Et puis, la vie

Parce qu'ils sont l'espoir.


Parce qu'ils sont l'innocence.


Parce qu'ils sont notre aujourd'hui.


Parce qu'ils sont notre demain.


Parce qu'ils sont notre vie.


Parce qu'ils sont ma vie.


Je chérirai ce monde à jamais de me donner autant d'amour et de bonheur.


Je chérirai mes enfants à jamais malgré ce monde et ses horreurs.


Parce que le monde est beau quand on le regarde à travers vos yeux.


Solenne, Thelma, Romy, gardez toujours ces paillettes dans vos yeux qui vous font voir comme la vie est belle.

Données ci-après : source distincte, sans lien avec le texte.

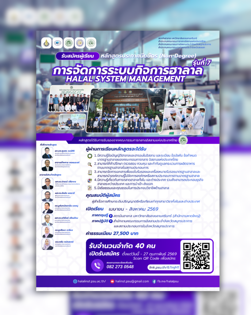 ✅ สิ่งที่จะได้รับจากการเรียน: ความรู้เชิงลึกด้านบัญญัติฮาลาลและระเบียบข้อบังคับต่างๆ ทักษะการตรวจประเมินและควบคุมกระบวนการผลิต การจัดการเอกสารเพื่อขอรับรองเครื่องหมายฮาลาล เจาะลึกการตลาดฮาลาลทั้งในและต่างประเทศ 📍 สถานที่เรียน: สถาบันฮาลาล มหาวิทยาลัยสงขลานครินทร์ วิทยาเขตหาดใหญ่ และ ฝึกปฏิบัติจริงที่ จ.สมุทรปราการ 🗓 ระยะเวลาเรียน: เมษายน – สิงหาคม 2569 👥 รับจำนวนจำกัดเพียง 40 ท่านเท่านั้น! 👉 สมัครได้ตั้งแต่วันนี้ – 27 กุมภาพันธ์ 2569 คลิกสมัครเลย: https://link.psu.th/67mjH1 สอบถามเพิ่มเติมโทร: 082 273 0548 #HalalManagement #PSU #HalalInstitute #หลักสูตรฮาลาล #HalalSystemManagement

Cette semaine à l'école, il y a eu le drapeau tricolore en berne. Un grand dessin fait de l'innocence des enfants. Et il a fallu trouver les mots pour expliquer.


Grâce aux enseignants, à leur tact et à leur professionnalisme, les enfants ont compris avec des mots simples qu'il s'était passé quelque chose de grave. Mais que la vie et les gentils étaient les plus forts.


Je vous livre les mots du maître des filles, qui m'ont beaucoup aidée : "A Paris, la ville où il y a la Tour Eiffel, il y a eu des choses graves et très tristes qui ont lieu ce week-end. Le maire a mis le drapeau à la porte de l'école pour que l'on pense à ces choses graves et tristes. Ce qui s'est passé est terminé et Paris est loin de nos maisons."



Paris est loin de nos maisons mais plus que jamais, la France et toutes ces victimes sont dans nos cœurs. 129 pensées pour leurs proches. Et mille autres pour vous tous et les vôtres.